The tLogRow component is used to present the execution result of the Job. You can configure the presentation mode on its Component view.

To do this, double-click tLogRow to open the Component view and in the Mode area, select the Table (print values in cells of a table) check box.

To execute this Job, press F6.

Once done, the Run view is opened automatically, where you can check the execution result.

You can read that the last row is the survivor record because its SURVIVOR column indicates true. This record is composed of the best-of-breed data of each column from the four other rows which are the duplicates of the same group.

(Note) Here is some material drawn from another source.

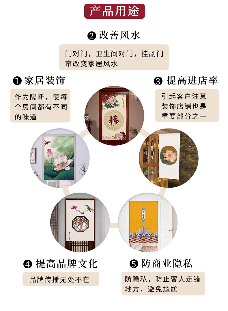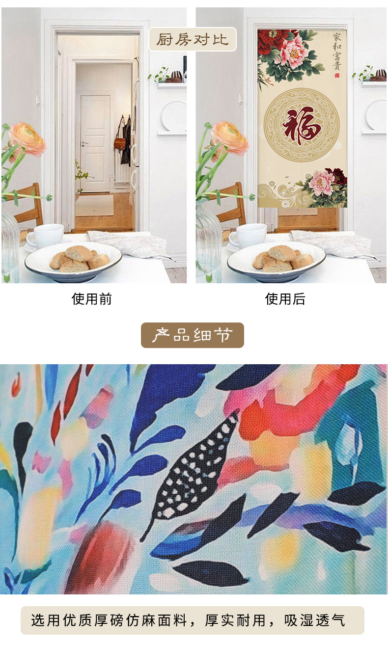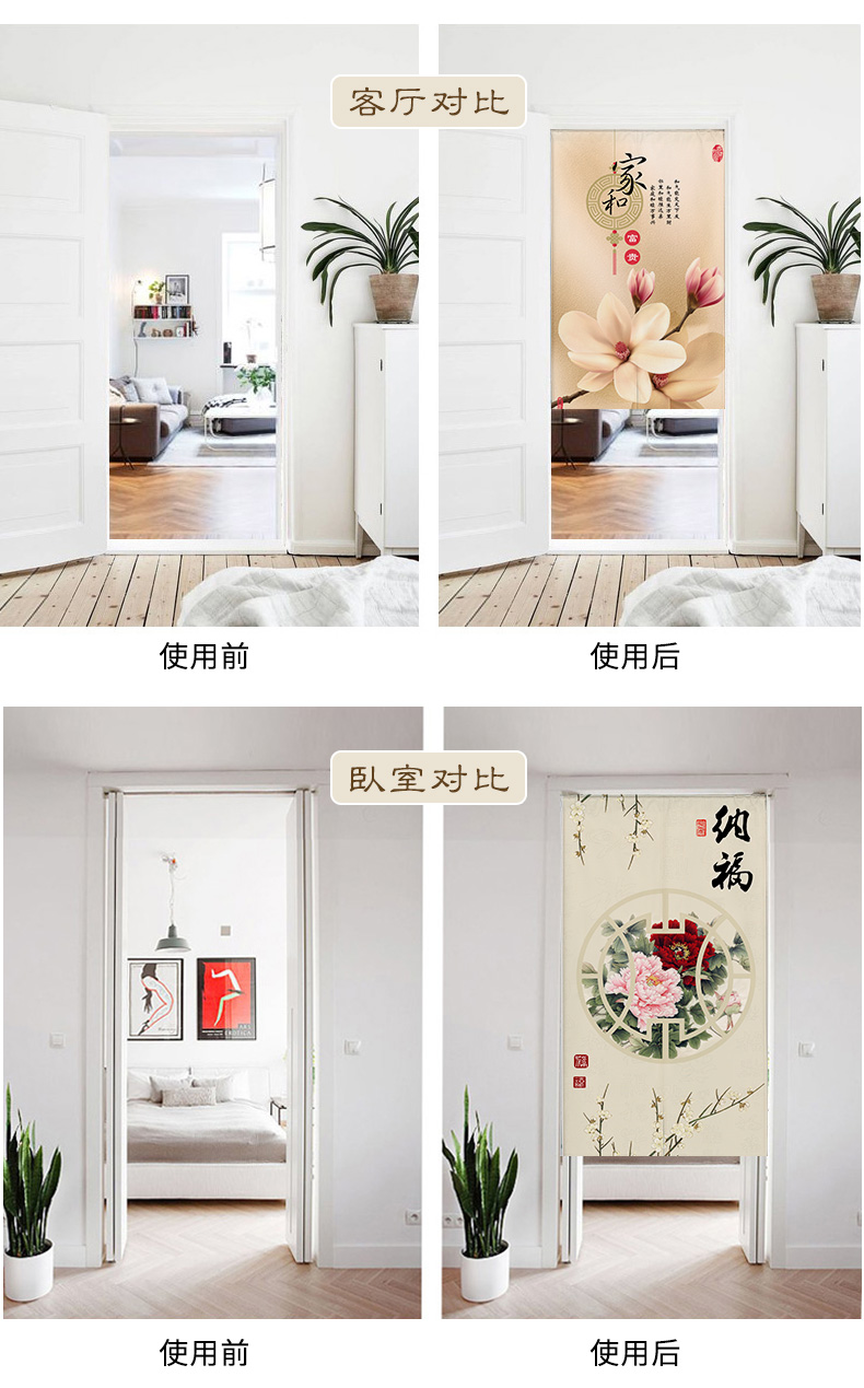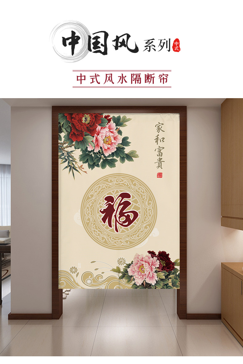 【支持来图定制】新中式门帘,恬精雅致,精选厚磅仿麻面料,手感厚实不粗糙,双层锁边!中间升级磁铁工艺,遮蔽性更佳,数码印花,水洗不褪色,健康无甲醛,孕妇儿童皆宜。【送免打孔伸缩杆】【赠运费险】

The CONFLICT column presents the columns carrying more than one record field values compliant with the given validation rules. Take the credibility column for example: apart from the survivor record whose credibility is 5.0, the CONFLICT column indicates that the credibility of the second record GRIZZARD is 4.0, also bigger than 3, the threshold set in the rules you have defined, however, as the credibility 5.0 appears in the first record GRIZZARD CO., tRuleSurvivorship selects it as best-of-breed data.